# Awesome battery life thread.



## _josh__ (Jun 13, 2011)

Just doing this post for those wanting to share their battery life experiences. Please state which Rom and kernel you are using, activities running, screen on time, screenshots, etc.. This way we can keep the rom developer threads alot less cluttered. And for lulz. Thx.

Rom-wookie
Kernel-wooki
Very light usage
Stock battery
(currently running aokp b21)

Thread in honer of chopperthedog's suggestion.


----------



## bburud (Jan 20, 2012)

Shouldn't we also post the screen that shows screen on time, what kind of data (3G,4G,wifi), screen brightness etc., in order to make this a truly comprehensive thread?

Will post mine up in a few.


----------



## PaulG1488 (Dec 16, 2011)

If screen on times aren't posted this will become useless

Sent from my Galaxy Nexus


----------



## Gabiola1 (Jun 10, 2011)

Exactly. What's the point if you are wifi for 2 days with 60 minutes of total screen time. Some of us leave the house and use our phones.



PaulG1488 said:


> If screen on times aren't posted this will become useless
> 
> Sent from my Galaxy Nexus


Sent from my Galaxy Nexus using RootzWiki


----------



## swimminsurfer256 (Sep 23, 2011)

Shouldn't you also say which battery you are using


----------



## Gabiola1 (Jun 10, 2011)

Oh. And if "androidos" uses more of your battery than screen time. Don't post 

Sent from my Galaxy Nexus using RootzWiki


----------



## frankiedizzle87 (Dec 27, 2011)

Lmao ye I agree cause I actually use my phone at work and switch to cdma only cause battery is poop for me. Using the extended I see a decrease in battery life. Anyone else? I switch to regular battery and have way better life

Sent from my Galaxy Nexus using Tapatalk


----------



## terryrook (Jun 10, 2011)

Gabiola1 said:


> Oh. And if "androidos" uses more of your battery than screen time. Don't post
> 
> Sent from my Galaxy Nexus using RootzWiki


Why? Just wonderin...


----------



## NatemZ (Jun 13, 2011)

terryrook said:


> Why? Just wonderin...


I think he is implying that if android os is higher that the screen time will be low implying he didn't turn in the phone much lol


----------



## frankiedizzle87 (Dec 27, 2011)

What's the black line mean?

Sent from my Galaxy Nexus using Tapatalk


----------



## NatemZ (Jun 13, 2011)

frankiedizzle87 said:


> What's the black line mean?
> 
> Sent from my Galaxy Nexus using Tapatalk


A reboot

Sent from my Galaxy Nexus using RootzWiki


----------



## frankiedizzle87 (Dec 27, 2011)

That's a big battery hit during reboot no?

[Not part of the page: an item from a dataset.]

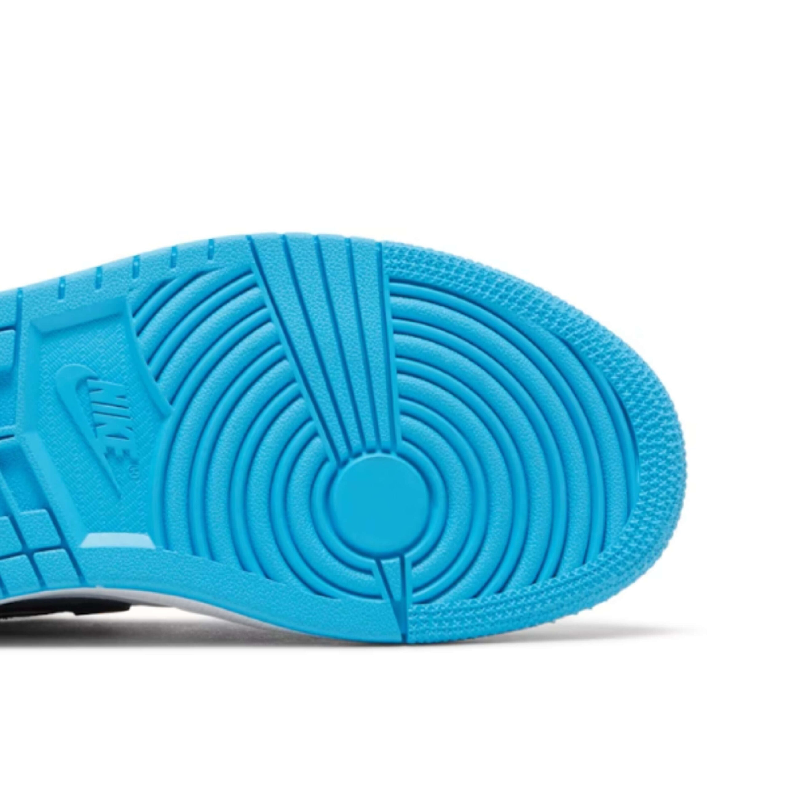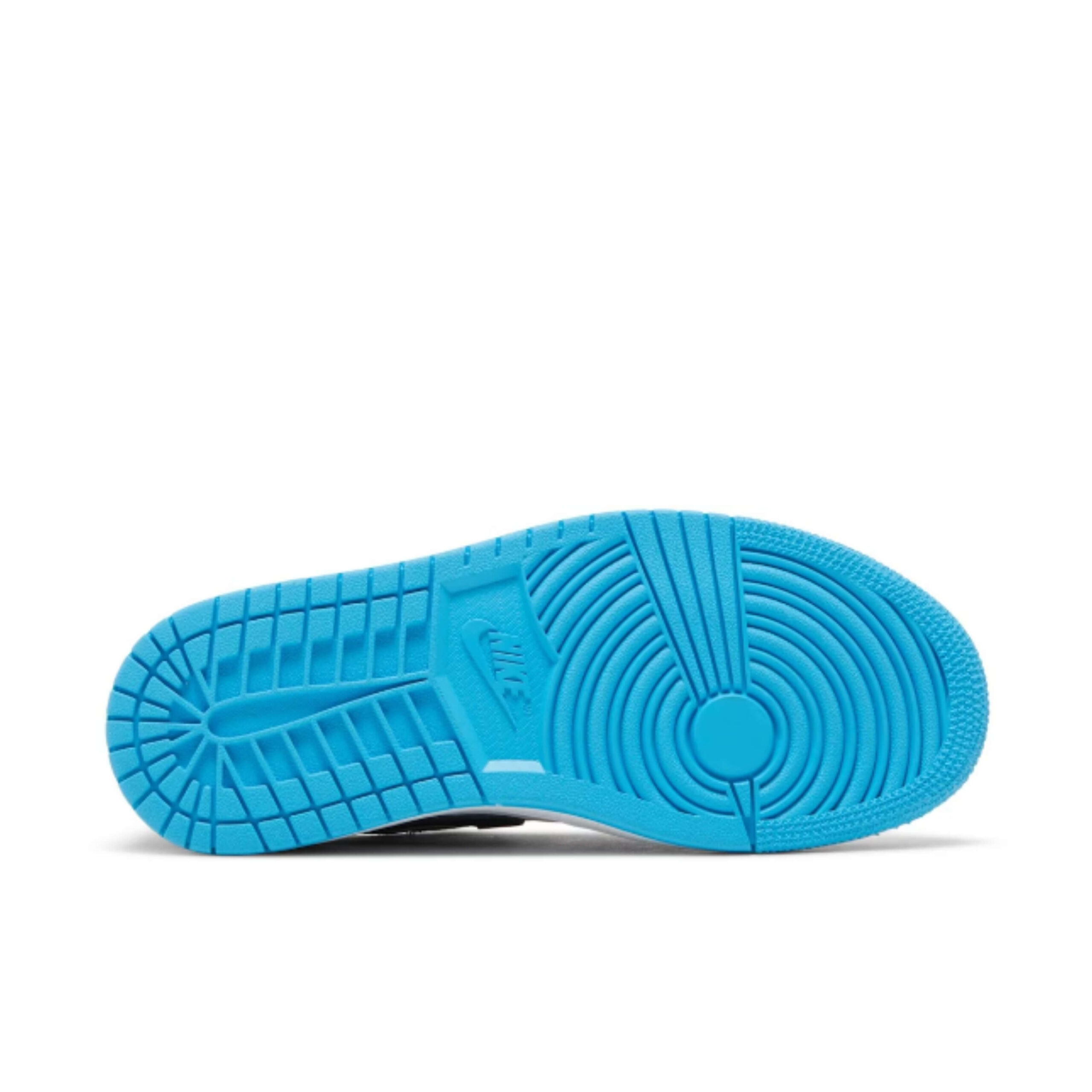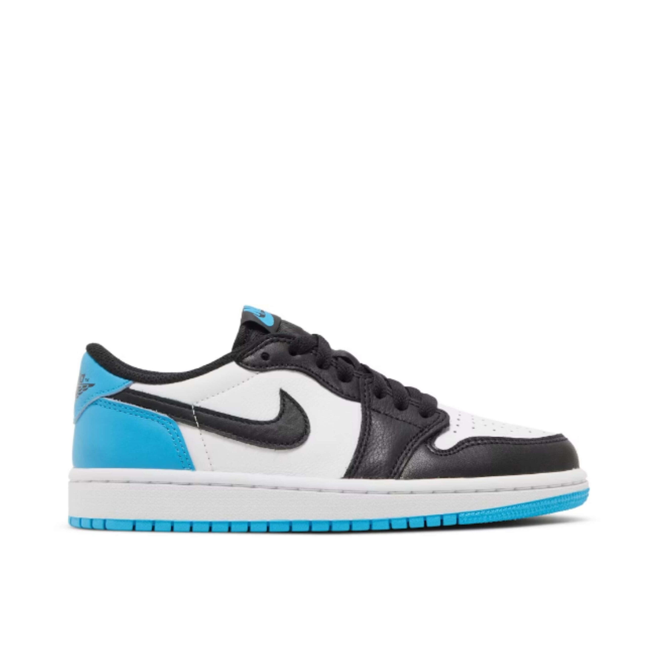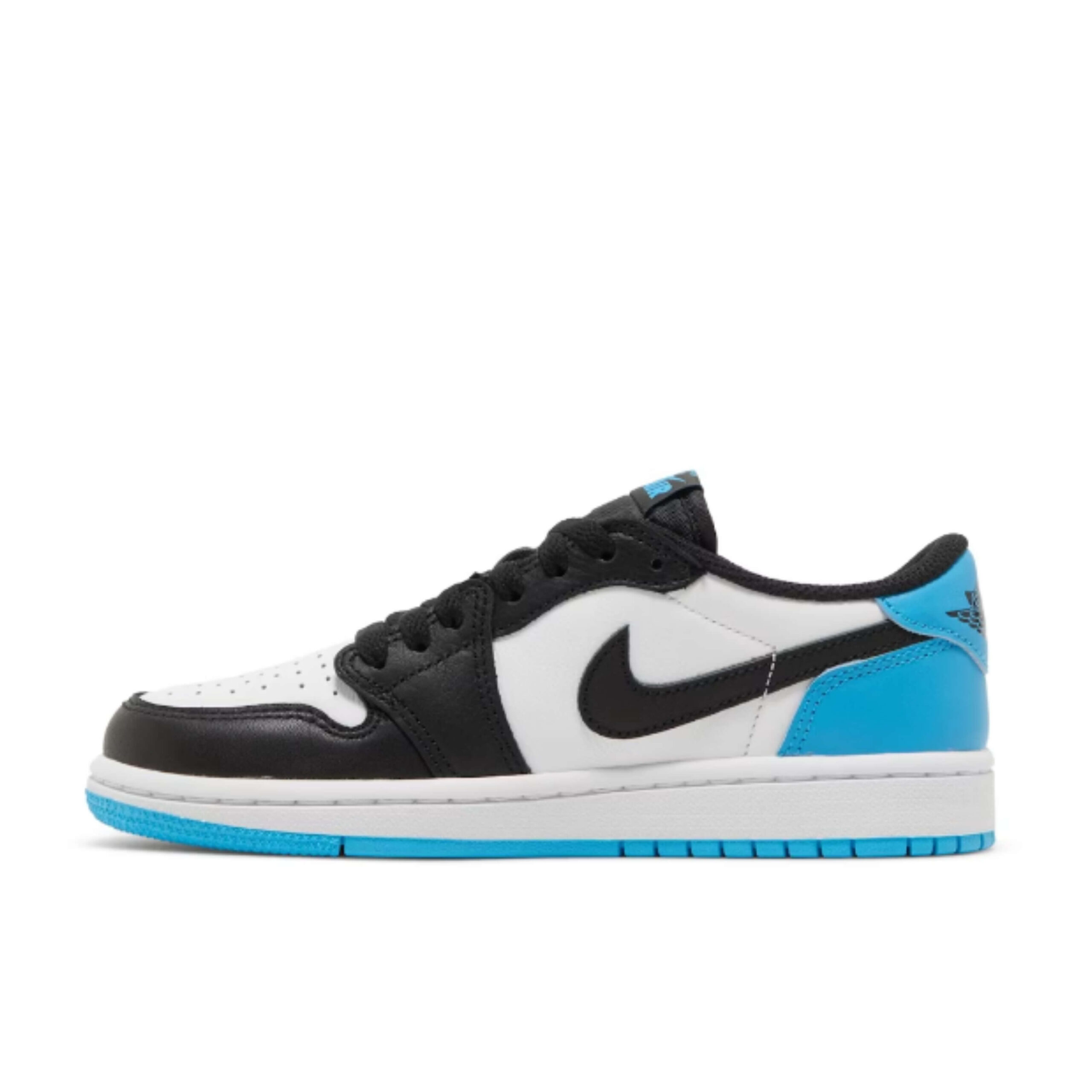 The Air Jordan 1 Retro Low OG UNC arrives with a white leather upper with contrasting black overlays and a University blue Swoosh. This sneaker comes in a combination of white, dark powder blue, and black hues.

Sent from my Galaxy Nexus using Tapatalk


----------



## GSUS969 (Jul 19, 2011)

frankiedizzle87 said:


> That's a big battery hit during reboot no?
> 
> Sent from my Galaxy Nexus using Tapatalk


It sure is...mine usually drops one percent if that.


----------



## frankiedizzle87 (Dec 27, 2011)

My phone had been frozen so I pulled the battery. Does freezing phone like run everything on steroids...?

Sent from my Galaxy Nexus using Tapatalk


----------



## otyler46 (Jun 26, 2011)

I can't get much better than this. Regular battery. Glados 1.5

Sent from my Galaxy Nexus using Tapatalk


----------



## cdoan34 (Jul 23, 2011)

otyler46 said:


> I can't get much better than this. Regular battery
> 
> Sent from my Galaxy Nexus using Tapatalk


what kernel/settings?


----------



## otyler46 (Jun 26, 2011)

edit: delete


----------



## brkshr (Jun 16, 2011)

Settings in my signature....standard battery

Swyped from my Galaxy Nexus


----------



## DHO (Nov 6, 2011)

Great battery life here.

About 6 hours from last charge, about 2 of them on the phone.
The Gnex gets great battery when it has good signal. When it does not, it expends way too much energy trying to improve its signal















Can only upload 2 images, 2nd post to follow


----------



## DHO (Nov 6, 2011)

The phone spends so much time in 180 because when in its cradle during the night, it cannot enter deep sleep.


----------



## Phaze08 (Jun 13, 2011)

DHO said:


> The Gnex gets breat battery when it has good signal. When it does not, it expends way too much energy trying to improve its signal


This totally explains why I get much better battery at home on my days off than at work. Here I have 0-1 bars and at home its always full. No wifi at my house right now either but its like double what I can get at work even though I probably use it more on my off day.


----------